Telefonkette Am Nachmittag des 9. November verstirbt der Botschaftsmitarbeiter, eine Nachricht, die Adolf Hitler am selben Abend erreicht. Es ist für seine Partei kein gewöhnlicher Abend. Es ist der 15. Jahrestag des Hitlerputsches – »überall im Deutschen Reich sitzen SA-Leute und NSDAP-Aktivisten noch zusammen und feiern«, heißt es im Begleittext. Hitler ruft zum »spontanen Volkszorn« auf, eine Weisung, die Partei- und SA-Führer per Telefonkette sofort weitergeben.
Das Ergebnis des inszenierten »Volkszorns« wird im Ausstellungsraum anhand von sechs Städten beschrieben, die als Fallbeispiele herangezogen werden. Der Besucher blickt von Glatz in Schlesien über Berlin bis nach Guntersblum in Rheinhessen. Wie Detektive haben die Ausstellungsmacher Tathergänge, Opfer und Täter, das Justizwesen sowie die Erinnerung an die Geschehnisse vor Ort rekonstruiert. Damit sind sehr detaillierte Informationen über die sogenannte Kristallnacht entstanden, die sich bei Weitem nicht nur im Dunkeln, sondern auch am helllichten Tag, vor den Augen aller, vollzogen hatte.
Fotos uniformierter SS-Männer, die Latten, Türen und Inventar zum Abtransport auf Lastwagen verladen, zeigen die Ausschreitungen gegen jüdische Gotteshäuser im fränkischen Hof.
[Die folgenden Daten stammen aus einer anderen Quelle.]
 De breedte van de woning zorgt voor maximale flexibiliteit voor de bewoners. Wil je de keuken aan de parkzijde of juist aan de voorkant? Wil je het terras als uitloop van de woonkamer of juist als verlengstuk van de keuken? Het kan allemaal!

Die Ereignisse in Bremen belegt eine Fotoserie, die verhaftete jüdische Männer beim Marsch zum Zuchthaus zeigt. »Wir schritten durch eine schweigende Stadt«, notierte der ehemalige Rabbiner der Hansestadt 1958 in seinen Erinnerungen.
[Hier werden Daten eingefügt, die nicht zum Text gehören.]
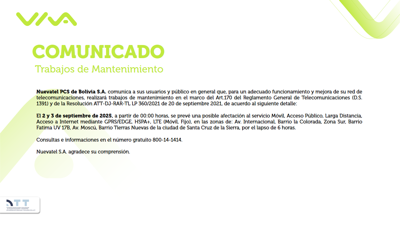 TRABAJOS DE MANTENIMIENTO 26, 27, 29 DE AGOSTO Y 2, 3 DE SEPTIEMBRE DE 2025

»Es gab Gaffer, Jubler und eine schweigende Masse«, sagte Uwe Neumärker, Kurator und Direktor der Stiftung Denkmal für die ermordeten Juden Europas, bei der Eröffnung der Ausstellung. Nach fast sechsjähriger antisemitischer Propaganda sei der Novemberterror in der Gesellschaft auf fruchtbaren Boden gestoßen.
Propaganda »Erst gab es eine verbale Grenzverschiebung«, betonte Uwe Neumärker – und zog den Vergleich zur heutigen Situation in Deutschland, die ihm teilweise Angst bereite. »Geschichte wiederholt sich nicht, aber es gibt Parallelen.« Er werde sich auch in Zukunft dafür einsetzen, dass aus dem Holocaust kein »Vogelschiss« und auch kein »Mahnmal der Schande« werde. »Eine erinnerungspolitische Wende werden wir abhalten«, sagte Neumärker.
Andreas Nachama, Rabbiner und Direktor der Stiftung Topographie des Terrors, suchte eine Erklärung dafür, warum die Mehrheit vor 80 Jahren so empfänglich war für die antijüdische Propaganda. »Es wurde geschwiegen und darüber hinweggesehen. Dabei gab es die Möglichkeit eines alternativen Handelns«, sagte Andreas Nachama. »Einige Synagogen blieben unbeschädigt.« Oft werde die wirtschaftliche Lage aufgrund der Weltwirtschaftskrise als Argument für den Verlauf der Geschichte herangezogen. »Aber ist das eine Erklärung? Ich finde nicht.«
Neben den Fallbeispielen zeigt die Sonderausstellung in chronologischer Folge das wechselvolle Gedenken an die Ereignisse des Novembers 1938. Es habe Hochs und Tiefs gegeben, in der BRD wie in der DDR, sagte Kurator Ulrich Baumann.
Eine Zäsur in der Erinnerungskultur nehme allerdings das Jahr 1978 ein. Zum 40. Jahrestag hätten die Gedenkakte sprunghaft zugenommen. Warum die Entwicklung stattfand, könne er sich noch nicht endgültig erklären, sagte der Kurator. Somit bliebe noch immer genügend Raum für weitere Forschungen und Diskussionen. »Wir hoffen, diese mit unserer Ausstellung zu befördern.«
Die Ausstellung ist bis zum 3. März 2019 täglich von 10 bis 20 Uhr geöffnet.